In this period, the poet also published separately the so-called Lucy poems between 1800 and 1807: dedicated to a woman who died at a young age, the literary work synthetically discusses about the cult of childhood, ingenuity and candor that allow the approach to the state of nature, lost in the transition from childhood to adulthood and from the rural world to the industrial one (pre-existence of the soul), and Wordsworth's pantheistic view of nature.
For this reason, Wordsworth was the first English poet to make the child the subject of his poems.
However, the divergence of intentions and interests and some personal misunderstandings led to a rupture between Wordsworth and Coleridge around 1810.

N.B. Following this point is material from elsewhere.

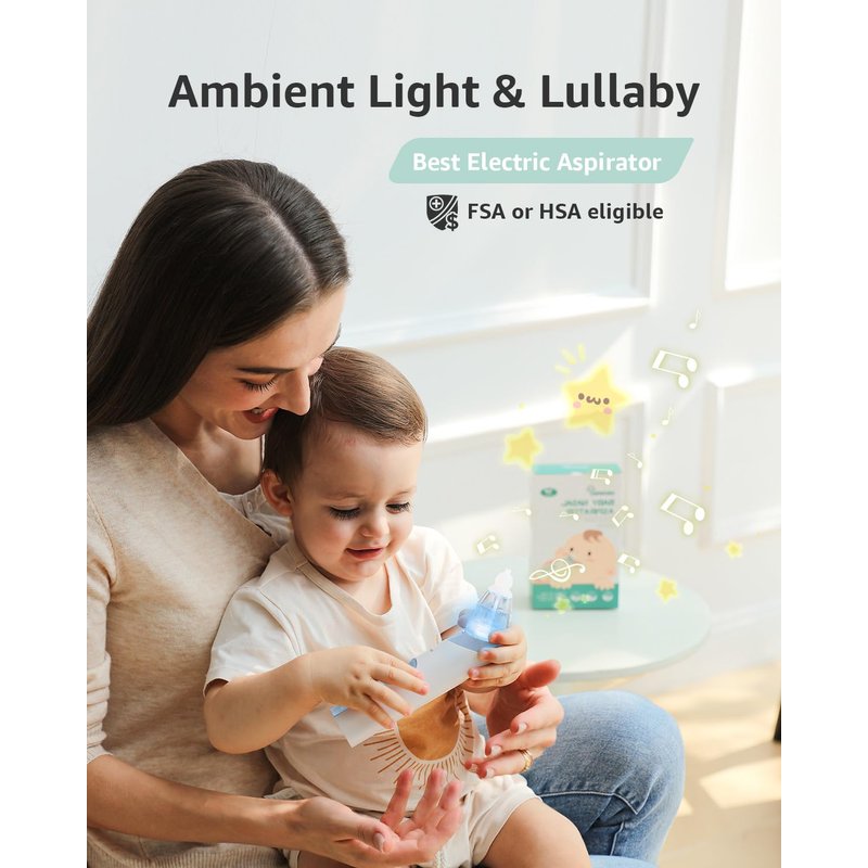 - INNOVATIVE DESIGN: We especially adopted light and music soothing function on the electric booger sucker, and with lower noise, which will make your baby enjoy this nose cleaning and make the cleaning progress easier and quicker.

In 1805 the death of Wordworth's brother John, a captain drowned at sea, profoundly affected his life as his future poetry: he completed the Poem to Coleridge, published posthumously in 1850 by his wife under the title The Prelude, and an autobiographical introduction to The Recluse, a work that was to be part of the (unfinished) project of a long philosophical poem: The Excursion(1814).
In 1807 he published Poems in Two Volumes, containing among other things the famous Ode: Intimations of Immortality from Recollections of early Childhood and I Wandered Lonely as a Cloud
For this reason, Wordsworth was the first English poet to make the child the subject of his poems.
However, the divergence of intentions and interests and some personal misunderstandings led to a rupture between Wordsworth and Coleridge around 1810.
In 1805 the death of Wordworth's brother John, a captain drowned at sea, profoundly affected his life as his future poetry: he completed the Poem to Coleridge, published posthumously in 1850 by his wife under the title The Prelude, and an autobiographical introduction to The Recluse, a work that was to be part of the (unfinished) project of a long philosophical poem: The Excursion(1814).
In 1807 he published Poems in Two Volumes, containing among other things the famous Ode: Intimations of Immortality from Recollections of early Childhood and I Wandered Lonely as a Cloud
He traveled to Germany (1798), Belgium (1828), the Netherlands (1823) and Italy (1820 and 1837).
In the last years of his life, Wordsworth led a retired life marked by many sad events: the death of his children Thomas and Catherine (1812), and later the infirmity that made the beloved Dorothy paralytic in 1829.
He died at Rydal Mount in 1850 and was buried in St. Oswald's Cemetery in Grasmere, among the lakes he had loved so deeply.
He died at Rydal Mount in 1850 and was buried in St. Oswald's Cemetery in Grasmere, among the lakes he had loved so deeply.